Public investment in healthcare and infrastructure is a fundamental necessity. There is a paucity of laboratories for conducting diagnostic tests and trained personnel, beds and adequate medical facilities at public hospitals. DOTS centres are limited as well, and unless they are decentralised, a majority of people will continue on without the appropriate treatment or remain unaware of its existence. At the same time, engaging the private sector is important. In 2014, 2.2 million TB patients were treated by private doctors alone, far more than the 1.42 million patients treated under the public programme.
A working system of coordination between state supervisors and private hospitals is essential for a record of all TB patients. Similarly, informing doctors of state recommended procedures for diagnosis and cure or asking them to refer patients to DOTS centres will decrease the improper prescription of drugs. Regulating the pharmaceutical market, which might prove to be a tough job, is equally critical as they are the greatest enablers of drug-resistant TB in the country.
Finally, preventing the transmission of TB is not possible without improving nutrition, hygiene, and sanitation all over the country. Spitting is another common practice that can spread TB from person to person. Social development and change in attitude through awareness are necessary to decrease vulnerability to such diseases. The Minister of Women and Child Welfare, Maneka Gandhi, noted how budget cuts to her department for the sake of infrastructure pushed back the main child nutrition programme. Such changes in priorities are taking a toll on the social welfare of millions of citizens.

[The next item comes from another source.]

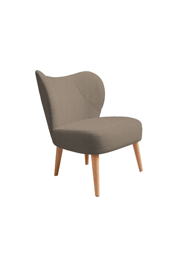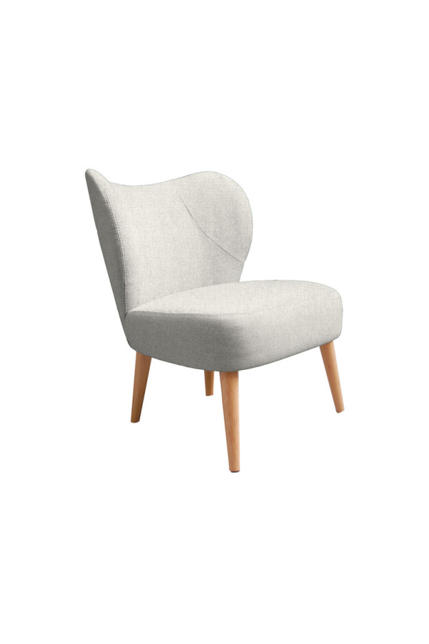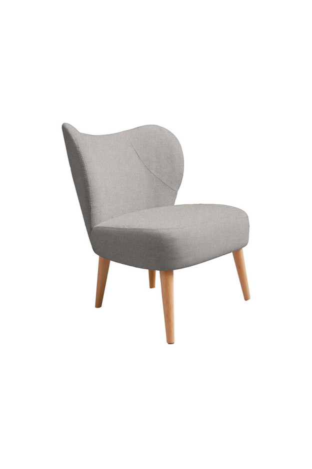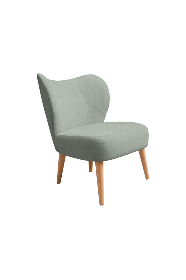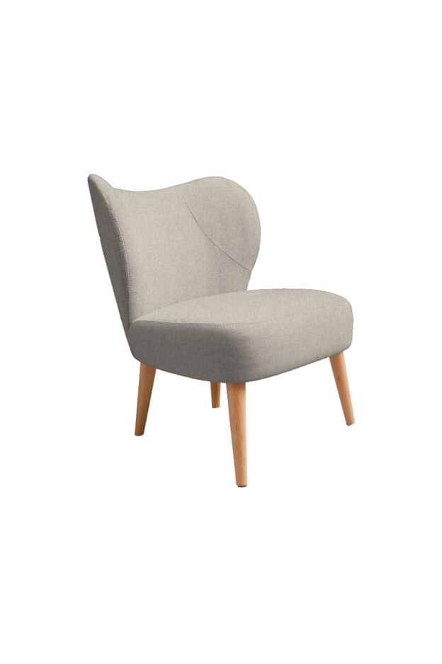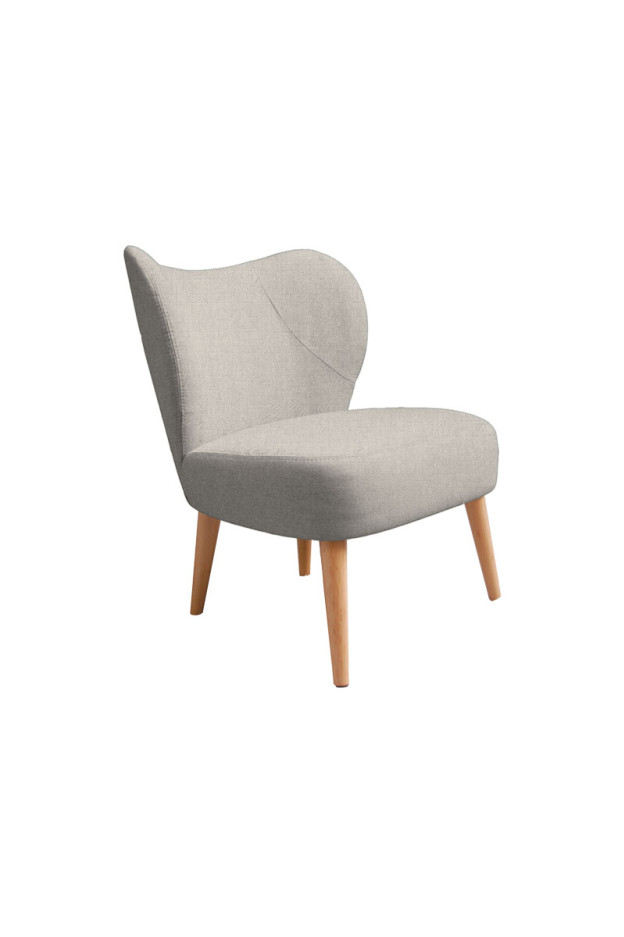 Estructura de madera maciza recubierta de espuma de poliuretano. Patas de madera de haya.

If the country is to be rid of TB, we cannot restrict ourselves to vaccines and drugs in our game plan. It is a complex problem that is interlinked with a host of other factors and requires a holistic approach. We were able to successfully fight polio and have increased awareness for HIV/AIDS (which also increases the risk of TB). This calls to question why we are unable to decrease the prevalence of TB, which is commonly referred to as “poor people’s disease”. Perhaps there is some truth to what Financial Times wrote in a special report on TB – “Its victims have included George Orwell, Frederic Chopin, Franz Kafka, Emily Brontë, and Eleanor Roosevelt. If tuberculosis were still killing such cultural giants, it would not be hard to attract attention and funding to the campaign for its eradication.